**The data:**
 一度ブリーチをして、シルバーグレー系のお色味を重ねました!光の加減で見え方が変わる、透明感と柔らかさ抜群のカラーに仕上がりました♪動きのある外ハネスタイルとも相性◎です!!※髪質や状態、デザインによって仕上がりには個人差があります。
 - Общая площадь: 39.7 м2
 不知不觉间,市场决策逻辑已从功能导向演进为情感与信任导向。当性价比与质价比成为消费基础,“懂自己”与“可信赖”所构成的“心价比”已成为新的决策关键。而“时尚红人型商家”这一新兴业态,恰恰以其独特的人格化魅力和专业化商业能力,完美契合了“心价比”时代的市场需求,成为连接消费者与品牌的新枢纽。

---

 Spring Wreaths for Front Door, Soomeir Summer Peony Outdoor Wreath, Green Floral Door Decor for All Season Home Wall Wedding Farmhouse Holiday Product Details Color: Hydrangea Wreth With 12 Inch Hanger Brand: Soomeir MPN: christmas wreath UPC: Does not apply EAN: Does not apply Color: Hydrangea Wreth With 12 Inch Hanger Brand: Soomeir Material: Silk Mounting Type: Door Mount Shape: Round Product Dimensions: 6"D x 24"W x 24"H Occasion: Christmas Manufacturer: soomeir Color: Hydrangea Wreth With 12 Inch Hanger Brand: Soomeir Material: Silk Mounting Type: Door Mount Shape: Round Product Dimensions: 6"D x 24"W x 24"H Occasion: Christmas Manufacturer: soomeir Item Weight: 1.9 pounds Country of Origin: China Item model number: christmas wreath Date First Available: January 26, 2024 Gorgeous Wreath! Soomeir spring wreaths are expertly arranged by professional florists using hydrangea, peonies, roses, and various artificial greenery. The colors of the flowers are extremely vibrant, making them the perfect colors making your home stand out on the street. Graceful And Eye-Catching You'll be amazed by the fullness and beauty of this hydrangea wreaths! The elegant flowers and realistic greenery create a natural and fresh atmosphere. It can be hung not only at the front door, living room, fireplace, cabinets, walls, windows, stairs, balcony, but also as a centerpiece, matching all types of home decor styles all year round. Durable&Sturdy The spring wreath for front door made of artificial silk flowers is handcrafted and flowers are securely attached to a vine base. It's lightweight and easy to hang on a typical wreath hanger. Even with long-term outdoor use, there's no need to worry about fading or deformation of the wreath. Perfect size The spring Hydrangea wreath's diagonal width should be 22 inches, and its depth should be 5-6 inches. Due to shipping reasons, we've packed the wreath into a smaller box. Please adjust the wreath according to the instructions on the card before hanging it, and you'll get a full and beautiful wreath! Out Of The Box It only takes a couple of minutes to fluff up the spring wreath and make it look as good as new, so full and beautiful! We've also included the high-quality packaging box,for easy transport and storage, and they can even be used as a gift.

==

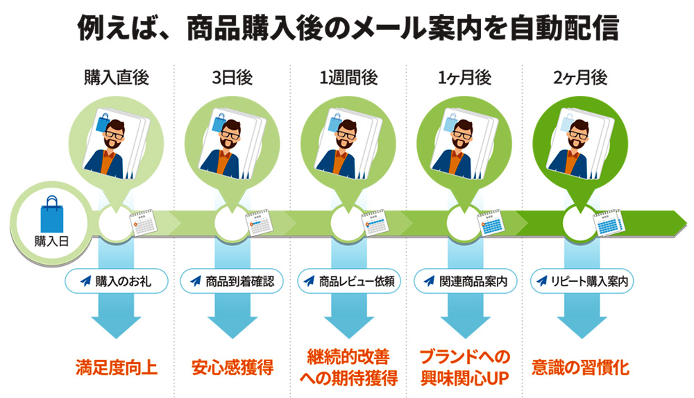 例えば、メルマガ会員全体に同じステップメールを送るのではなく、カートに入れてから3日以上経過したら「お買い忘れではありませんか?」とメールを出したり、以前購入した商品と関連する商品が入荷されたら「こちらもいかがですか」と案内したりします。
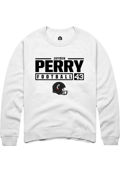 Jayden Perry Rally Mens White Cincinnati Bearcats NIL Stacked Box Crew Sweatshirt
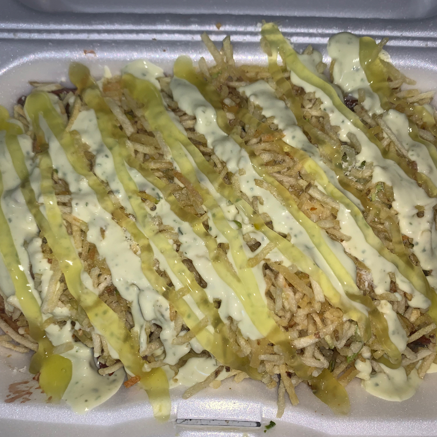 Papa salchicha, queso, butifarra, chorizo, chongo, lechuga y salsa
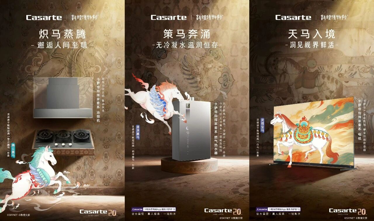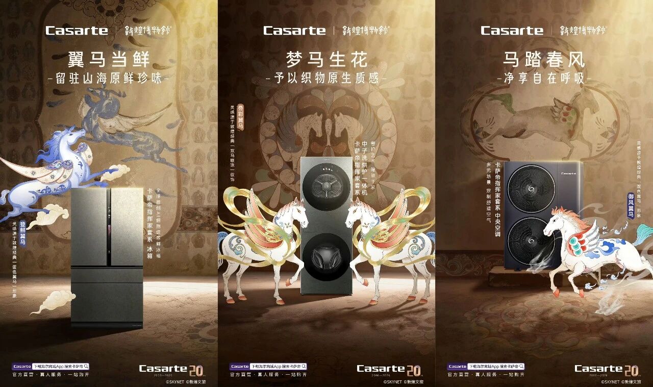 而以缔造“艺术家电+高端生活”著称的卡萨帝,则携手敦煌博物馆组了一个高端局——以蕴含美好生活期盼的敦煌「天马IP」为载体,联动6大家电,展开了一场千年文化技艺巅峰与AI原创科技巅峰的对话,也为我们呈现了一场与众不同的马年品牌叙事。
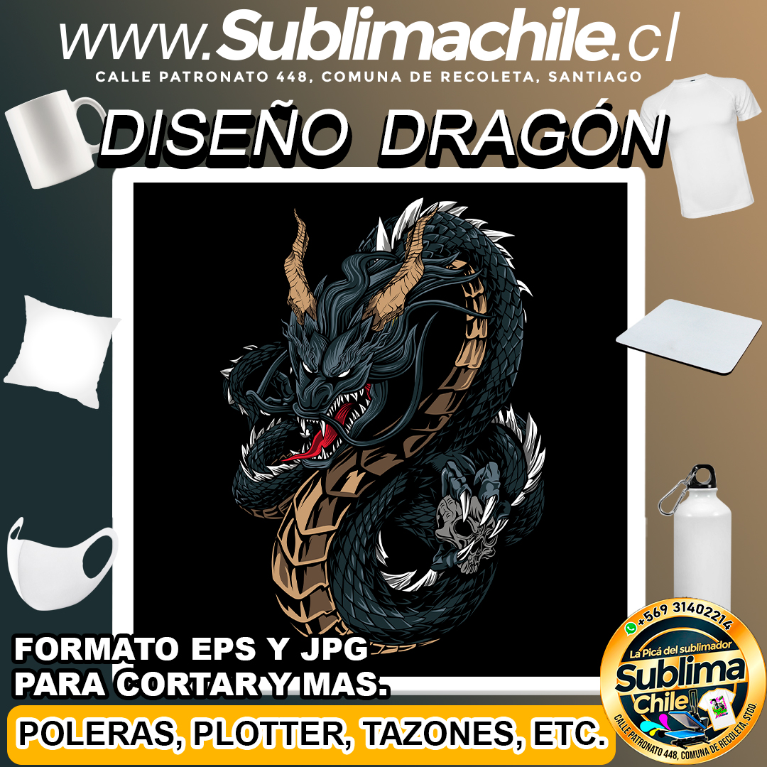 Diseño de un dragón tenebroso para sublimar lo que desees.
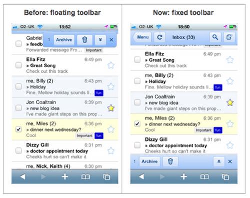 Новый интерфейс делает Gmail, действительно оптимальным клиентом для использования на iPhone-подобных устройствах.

**Your instructions:** Once you reach the line with "一度ブリーチをして、シルバー" in the data above, copy it and every line after it exactly, up to and including the line with "不知不觉间,市场决策逻辑已从".

**Response below:**
 一度ブリーチをして、シルバーグレー系のお色味を重ねました!光の加減で見え方が変わる、透明感と柔らかさ抜群のカラーに仕上がりました♪動きのある外ハネスタイルとも相性◎です!!※髪質や状態、デザインによって仕上がりには個人差があります。
 - Общая площадь: 39.7 м2
 不知不觉间,市场决策逻辑已从功能导向演进为情感与信任导向。当性价比与质价比成为消费基础,“懂自己”与“可信赖”所构成的“心价比”已成为新的决策关键。而“时尚红人型商家”这一新兴业态,恰恰以其独特的人格化魅力和专业化商业能力,完美契合了“心价比”时代的市场需求,成为连接消费者与品牌的新枢纽。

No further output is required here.